[[ ENTRIES PROVIDED, beginning ]]

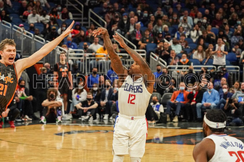 Orlando, Florida, USA, January 26, 2022, Los Angeles Clippers Shooting Guard Eric Bledsoe #12 Attempt to make a shot during the second half at the Amway Center. (Photo Credit: Marty Jean-Louis)
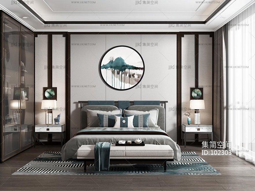 6法式中古家居卧室_主卧_飘窗卧室_高级灰卧室3D模型cr3d模型下载
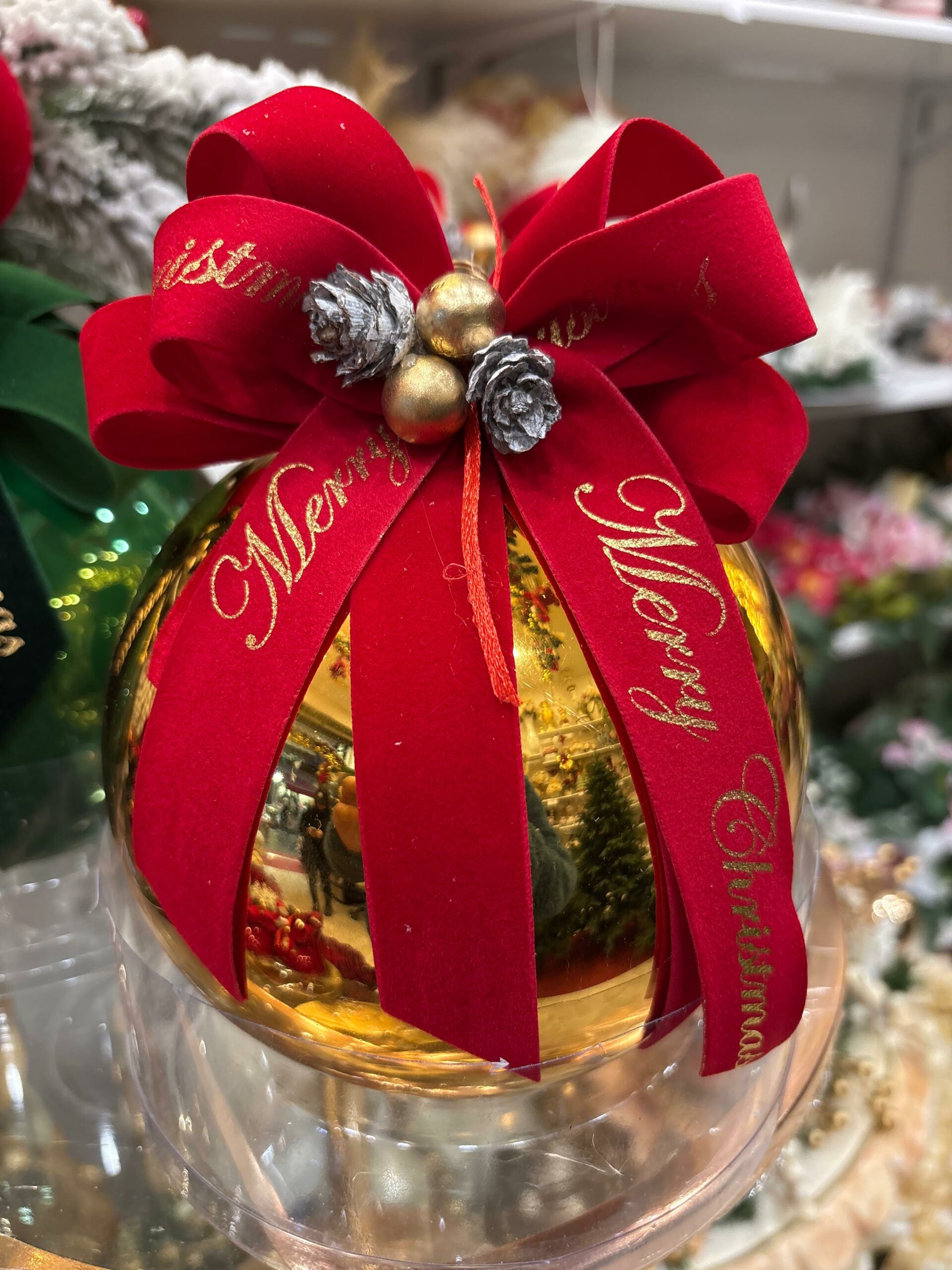 Pallina di Natale in vetro oro con fiocco rosso scritta Merry Christmas, pigne e pistilli natalizi.
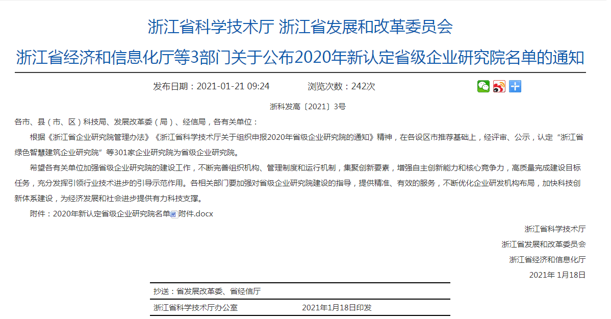 乐鱼网页版登录入口讯 日前,浙江省科学技术厅、浙江省发展和改革委员会、浙江省经济和信息化厅等3部门联合正式发布“2020年新认定省级企业研究院名单”, 浙江省乐鱼网页版登录入口管道新型功能管材研究院榜上有名!
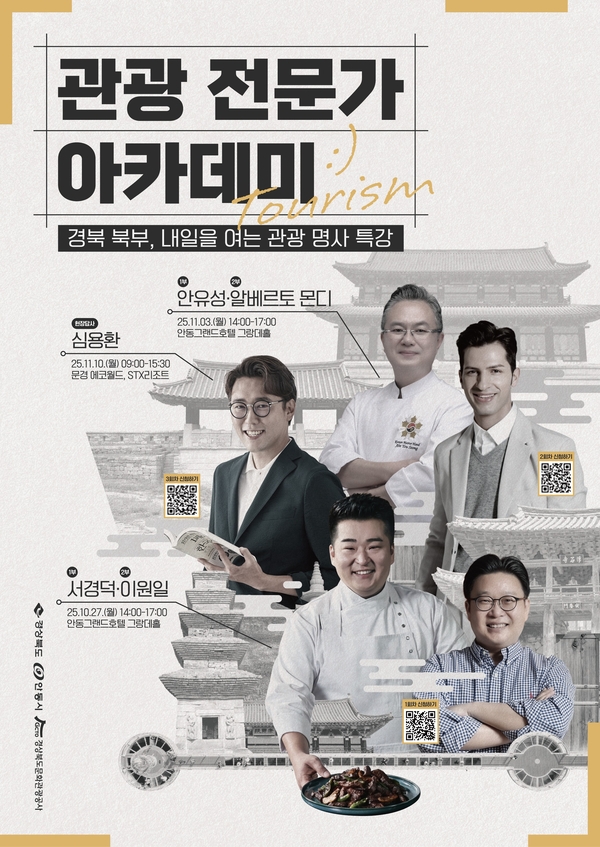 교육은 경북 북부권 11개 시군을 대상으로 총 3회의 대면교육(현장답사 1회 포함)으로 진행된다. 각 회차에는 관광, 문화, 미식 등 다양한 분야의 명사들이 참여해 최신 관광 트렌드와 지역브랜딩 중심의 강연을 펼칠 예정이다.
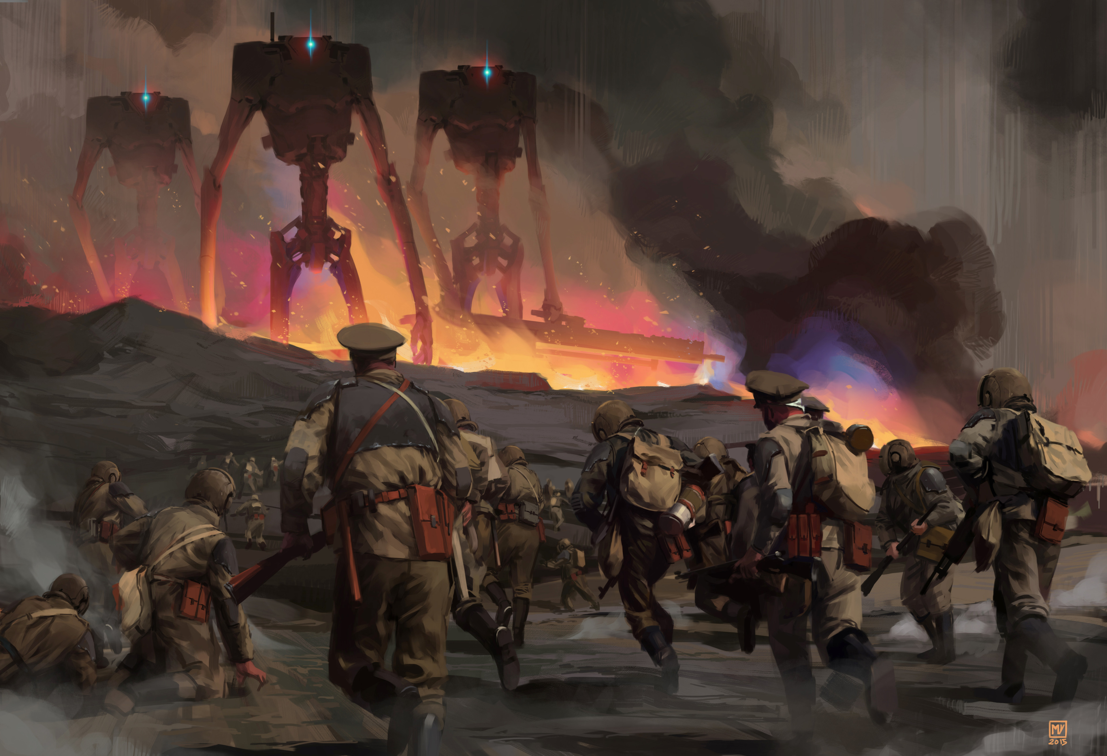 6+boys absurdres ammunition_pouch army artist_logo backpack bag battlefield belt black_footwear boots brush_stroke dated elbow_pads embers facing_away fire fog from_behind giant glowing grey_sky gun hat highres hill holding holding_gun holding_weapon kneeling logo mecha merchandise_available miguel_iglesias military military_uniform multiple_boys original outdoors pants pants_tucked_in peaked_cap pouch rifle robot running science_fiction shoe_soles shoulder_pads sky smoke soldier war weapon wide_shot

[[ ENTRIES PROVIDED, end ]]

**DIRECTIONS FOR THIS TASK**
Reproduce exactly, and only, the part of the entries above that runs from the line with "교육은 경북 북부권 11개" to the last line, both included. Pictures stay out.

**REPLY TO THE TASK**
 교육은 경북 북부권 11개 시군을 대상으로 총 3회의 대면교육(현장답사 1회 포함)으로 진행된다. 각 회차에는 관광, 문화, 미식 등 다양한 분야의 명사들이 참여해 최신 관광 트렌드와 지역브랜딩 중심의 강연을 펼칠 예정이다.
 6+boys absurdres ammunition_pouch army artist_logo backpack bag battlefield belt black_footwear boots brush_stroke dated elbow_pads embers facing_away fire fog from_behind giant glowing grey_sky gun hat highres hill holding holding_gun holding_weapon kneeling logo mecha merchandise_available miguel_iglesias military military_uniform multiple_boys original outdoors pants pants_tucked_in peaked_cap pouch rifle robot running science_fiction shoe_soles shoulder_pads sky smoke soldier war weapon wide_shot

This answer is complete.